The Montenegrin Law on Personal Income Tax defines income subject to personal income tax to include salaries, income related to immovable property and immovable property rights, income related to capital as well as capital gains. All of these types of income are taxed at the rate of 9%.
From a corporate perspective of interest to companies are the specific cases such as severance payments which have a specific tax treatment.
The legislation defines that severance payments related to retirement as well as related to a termination of employment in redundancy procedures, which do not exceed EUR 1,000 are exempt from social contribution deductions and personal income tax. In other scenarios of severance payments, such as mutual settlements for employment termination, the severance payment is taxed at the rate of 9% but such payments are nevertheless exempted from social contributions’ payments, irrespective of amount.
A similar logic applies when a company is granting vouchers, goods or discounts to its employees. All of these are considered as personal income in a tax sense and are subject to taxation.
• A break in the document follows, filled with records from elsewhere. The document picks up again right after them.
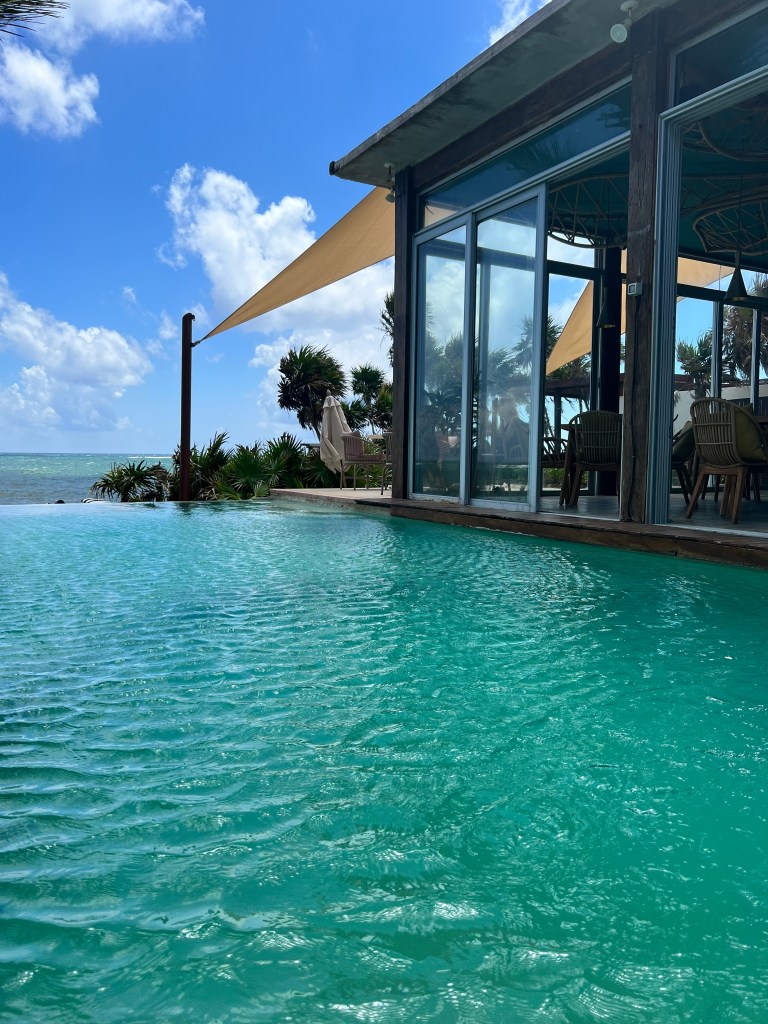 Be Tulum is perfect for couples and small friend groups who want an intimate, calm stay. It’s social but definitely not a party hotel. The vibe feels elevated and relaxed. Our room had a private rooftop pool, which was easily the highlight of our stay there (besides the excellent room service). We spent hours up there, even staying up until 4am one night just talking under the sky. The rooms are dark, but in a calming, moody way that feels serene rather than claustrophobic.
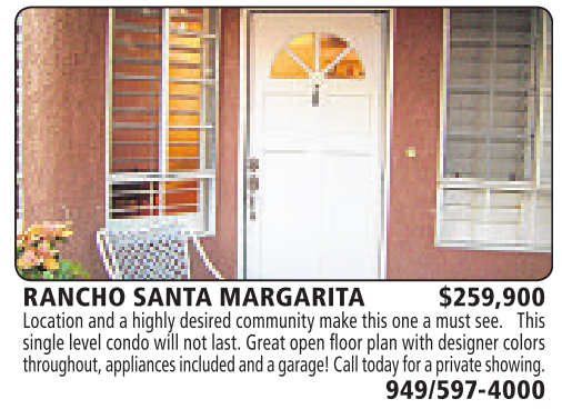 RANCHO SANTA MARGARITA $259,900 Location and ahighly desired community make this one amust see. This single level condowillnot last.Great open floor plan withdesignercolors throughout,appliancesincluded andagarage! Call todayfor aprivateshowing. 949/597-4000
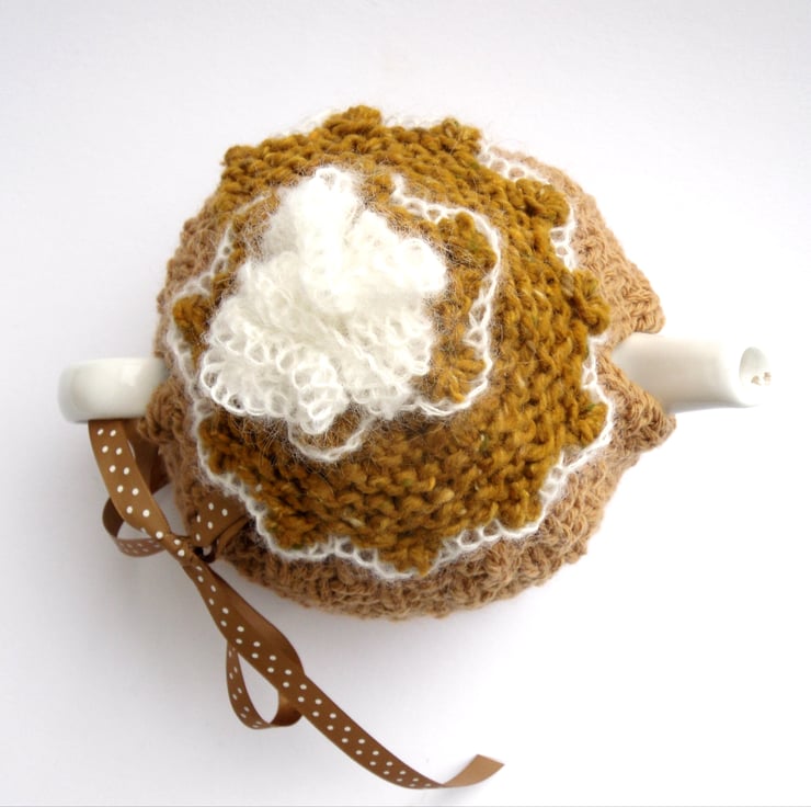 The tea cosy has been knitted in basket weave pattern and features a big bold mustard tweed wool rosette with a central white mohair flower

Just like with severance payments, mandatory social contributions are not applicable to this type of personal income.
According to the Law on Personal Income Tax, the company (employer) is responsible for the calculation and payment of the tax as well as mandatory social contributions. Even though certain countries allows physical person to calculate and pay their own tax liability, the Montenegrin legislation obligates the legal entity to calculate and pay all taxes and contributions on behalf of its employees, including local taxes.